RE: Debate with a Christian
March 9, 2014 at 5:08 pm
(This post was last modified: March 9, 2014 at 5:14 pm by discipulus.)
(March 9, 2014 at 5:03 pm)Beccs Wrote:(March 9, 2014 at 5:00 pm)discipulus Wrote: Dr. Edwin Masao Yamauchi is a Japanese American historian, editor and academic. He is Professor Emeritus of History at Miami University, where he taught from 1969 until 2005. Dr. Yamauchi when speaking of the Roman historian Tacitus' reference of Jesus sums up the reference by concluding that it is probably the single most important reference to Jesus Christ outside of the bible. Reporting on Emperor Nero's decision to blame the Christians for the fire that had destroyed Rome in A.D. 64, the Roman historian Tacitus wrote:
Nero fastened the guilt . . . on a class hated for their abominations, called Christians by the populace. Christus, from whom the name had its origin, suffered the extreme penalty during the reign of Tiberius at the hands of . . . Pontius Pilatus, and a most mischievous superstition, thus checked for the moment, again broke out not only in Judaea, the first source of the evil, but even in Rome. . . .{1}
What all can we learn from this ancient (and rather unsympathetic) reference to Jesus and the early Christians? Notice, first, that Tacitus reports Christians derived their name from a historical person called Christus (from the Latin), or Christ. He is said to have "suffered the extreme penalty," obviously alluding to the Roman method of execution known as crucifixion. This is said to have occurred during the reign of Tiberius and by the sentence of Pontius Pilatus. This confirms much of what the Gospels tell us about the death of Jesus.
1- Tacitus, Annals 15.44
"Publius (or Gaius) Cornelius Tacitus (/ˈtæsɪtʊs/; c. AD 56 – after 117)"
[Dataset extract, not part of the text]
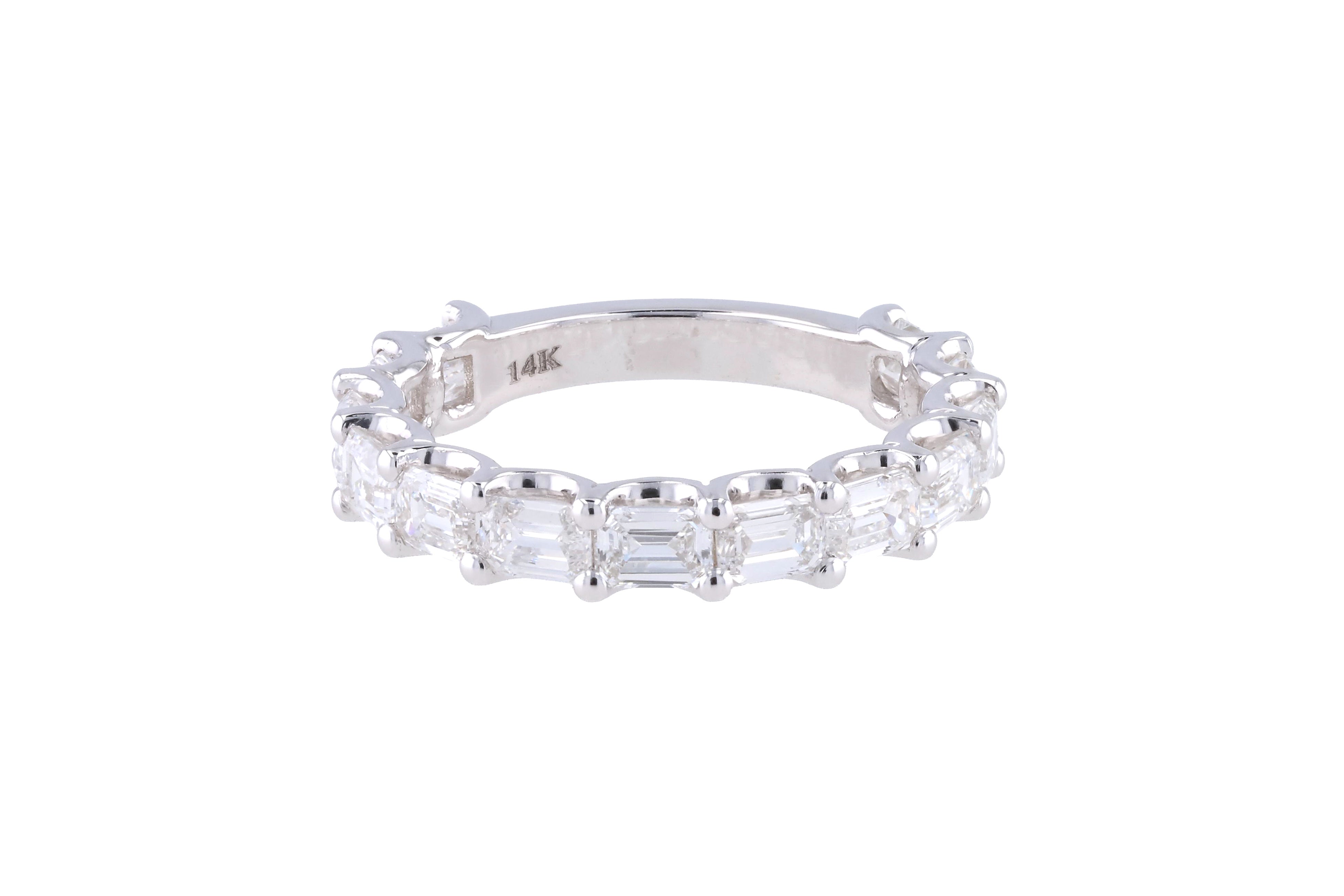 Elevate your stack with a modern twist on timeless brilliance. Our East/West Diamond Band in 14K white gold reimagines classic elegance with a contemporary silhouette. Set with hand-selected diamonds in a sleek ¾ eternity design, each stone is thoughtfully positioned in an East/West orientation to maximize light and lend a unique horizontal flow across the finger.

AS we say, there are no CONTEMPORARY citations for the life of Jesus outside the bible.
LOL....this is a favorite mainline of internet infidels....
No academic would use it, but I will humor you by asking.....
So what? What reference do you have regarding the historiographical methodology that can substantiate your assertion that a necessary condition of historical reliability of an account of someone's life is that there be contemporaneous accounts of said person?